Instructions to follow:
The entries that follow include a run beginning at the line with "Fig. 10 Gall" and ending at the line with "Photo 5: View"; restate that run word for word and leave the rest out.

Source material:
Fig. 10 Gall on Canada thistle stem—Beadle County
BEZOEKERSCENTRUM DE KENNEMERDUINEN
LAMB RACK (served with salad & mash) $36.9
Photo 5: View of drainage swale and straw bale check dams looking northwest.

==

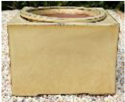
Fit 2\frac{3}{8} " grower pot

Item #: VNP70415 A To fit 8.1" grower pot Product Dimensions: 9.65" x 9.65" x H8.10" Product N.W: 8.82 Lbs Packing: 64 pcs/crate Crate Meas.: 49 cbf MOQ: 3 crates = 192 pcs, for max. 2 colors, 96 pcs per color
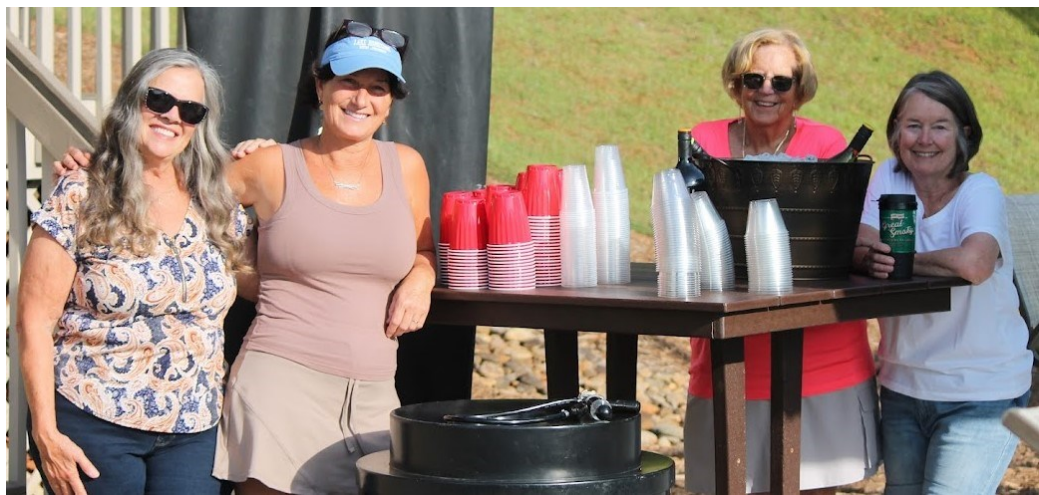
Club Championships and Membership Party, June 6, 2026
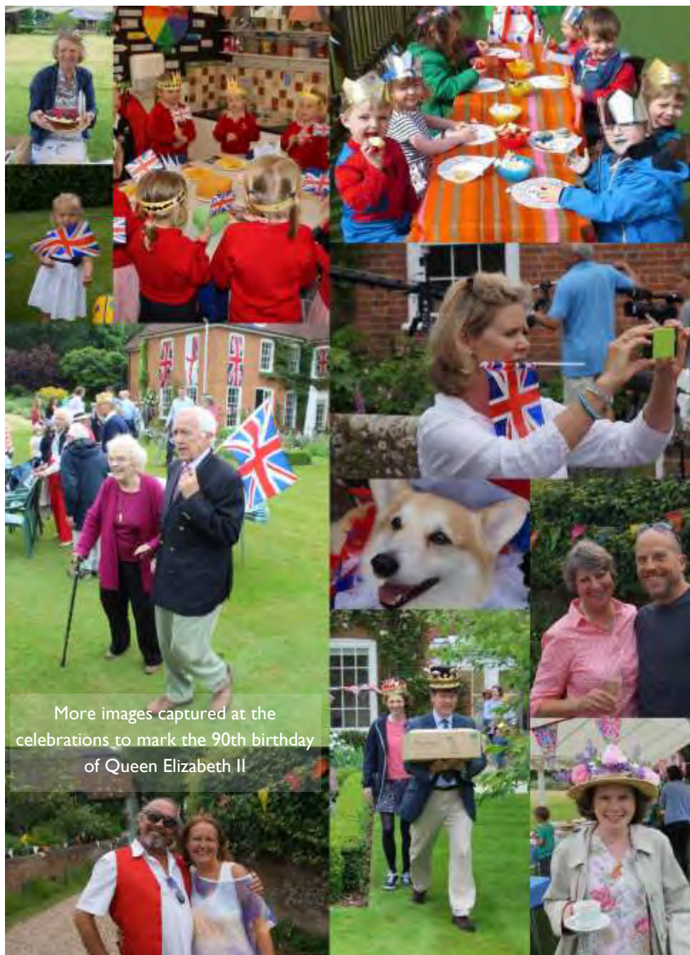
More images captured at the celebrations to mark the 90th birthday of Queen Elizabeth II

Task solution:
Fig. 10 Gall on Canada thistle stem—Beadle County
BEZOEKERSCENTRUM DE KENNEMERDUINEN
LAMB RACK (served with salad & mash) $36.9
Photo 5: View of drainage swale and straw bale check dams looking northwest.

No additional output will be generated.